October, 2009

October 27th, 2009  |  5:31 pm

New Global Food Security Strategy

Recently, Secretary of State Clinton unveiled the Administration’s new global food security strategy, which promotes the role of agriculture advancement in developing countries, and represents a shift from historic emergency food assistance focus. In the past, America has sent millions of tons of wheat, corn and other commodities to help starving children in the developing world. Under the new proposal, in addition to supplying emergency food aid, the U.S. will also lead in efforts to help developing nations better feed their own people. American-led “know how” and investments in agriculture, through research, technology, infrastructure improvements, and education, will yield long-term, sustainable solutions and ultimately, in the Secretary’s words, “[address] the underlying causes of hunger.”

Earlier this year, the United Nations World Food Program revealed that more than 1 billion people in the world are hungry. This recent increase in the number of hungry people worldwide reverses a 30-year downward trend that saw success against hunger here and abroad. Now, every six seconds a child in the developing world dies from hunger. This devastation causes untold suffering and must end. Now is the time for our country to take the lead and make the necessary investments to ensure that no child dies from hunger. Feed The Children strongly supports this initiative and will continue our work to see that these investments are made.


October 23rd, 2009  |  3:18 pm

Children in Our Nation’s Capital: Is this the American Dream?

In the shadow of the Capitol Building, a national symbol of liberty, justice, and equality, more than 25% of children live in poverty. Although these statistics are startling, the most recently available data is from 2008, so it doesn’t fully account for the impact of the current economic recession. That means that things are worse—and getting worse every day.

Ed Lazere, Executive Director of the DC Fiscal Policy Institute told the New York Times, “It’s been a familiar but depressing story of the only people benefiting in the city’s economy are those with the most education.”

Therefore, one of the keys to ending the cycle of hunger and poverty is education. That’s why Feed The Children is responding by partnering with the National Association for the Education of Homeless Children and Youth (NAEHCY) to provide the District of Columbia Public Schools with needed backpacks, books, and food through our Homeless Education and Literacy Program (HELP). HELP’s goal is to ensure that students have the tools they need to do well in school. Therefore, by sending trucks filled with school supplies to children in DC, we’re feeding not just their minds, but their futures—and contributing to the end of hunger in our nation’s capital.


October 20th, 2009  |  7:56 pm

World Food Day: Acknowledging the Global Crisis

Friday, October 16 marked World Food Day, a global recognition of the founding of the Food and Agriculture Organization (FAO) of the United Nations. It concludes the World Food Prize Symposium, held in Des Moines, Iowa this year, when the World Food Prize is awarded.
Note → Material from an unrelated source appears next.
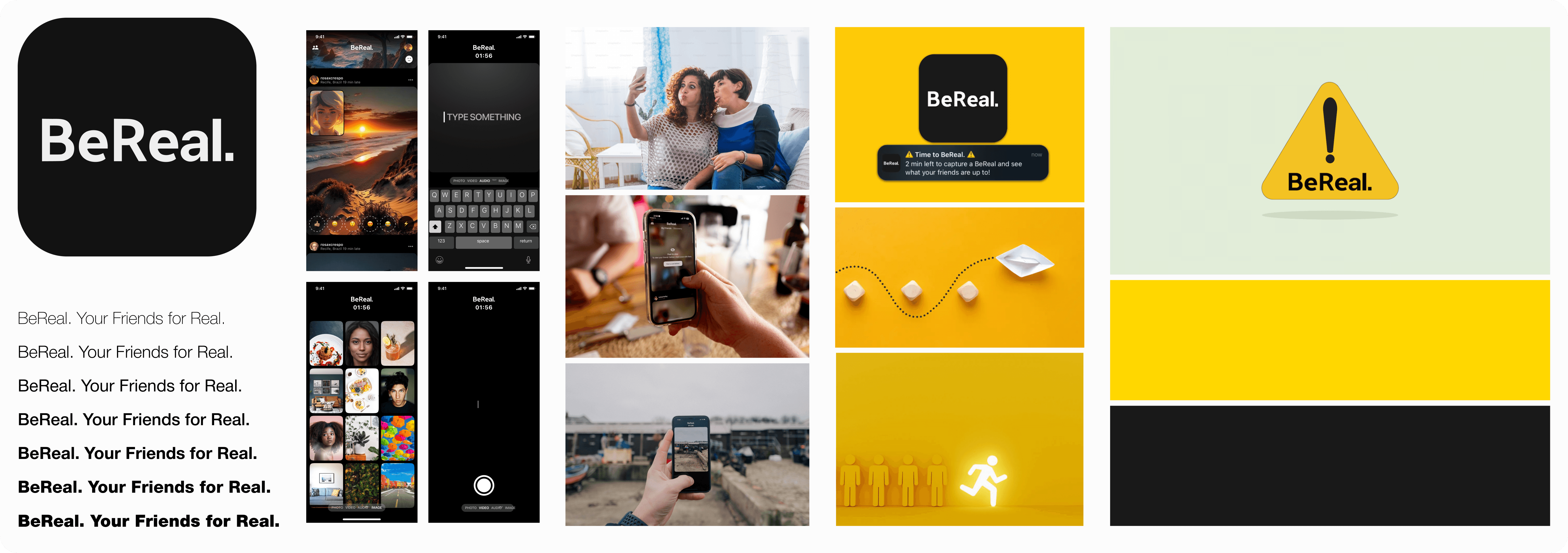 For the app’s mood board, elements that evoke action and alertness were selected, using yellow and orange colors, typical of warning signs. This allows it to stand out from the black and white tones used by BeReal, maintaining the same harmony but adding more strength, aggression, and personality.

This year’s distinguished recipient, Dr. Gebisa Ejeta, a professor of agronomy at Purdue University, said that the current food shortage is a “ticking time bomb.” Skyrocketing food and fuel prices in 2008 ultimately resulted in food riots in dozens of countries worldwide. “That was a wake-up call to lots of people and lots of governments,” Dr. Ejeta continued, “not so much because of the hunger concern, I’m afraid to say, but because of fear of political instability.”

World Food Day 2009’s theme, “Achieving food security in times of crisis,” certainly underscores the fact that these are trying times. In fact, they are times like no other in history. More than 1 billion people—a sixth of the world’s population—are hungry. Drought, political strife, and the current economic crisis have further compounded and complicated undernutrition and malnutrition. Thankfully, we can make progress.

In his World Food Day address, FAO Director-General Jacques Diouf said, “Generally, programs, projects and plans exist and are simply waiting for the political will and resources to become operational.” In other words, the time to act is now.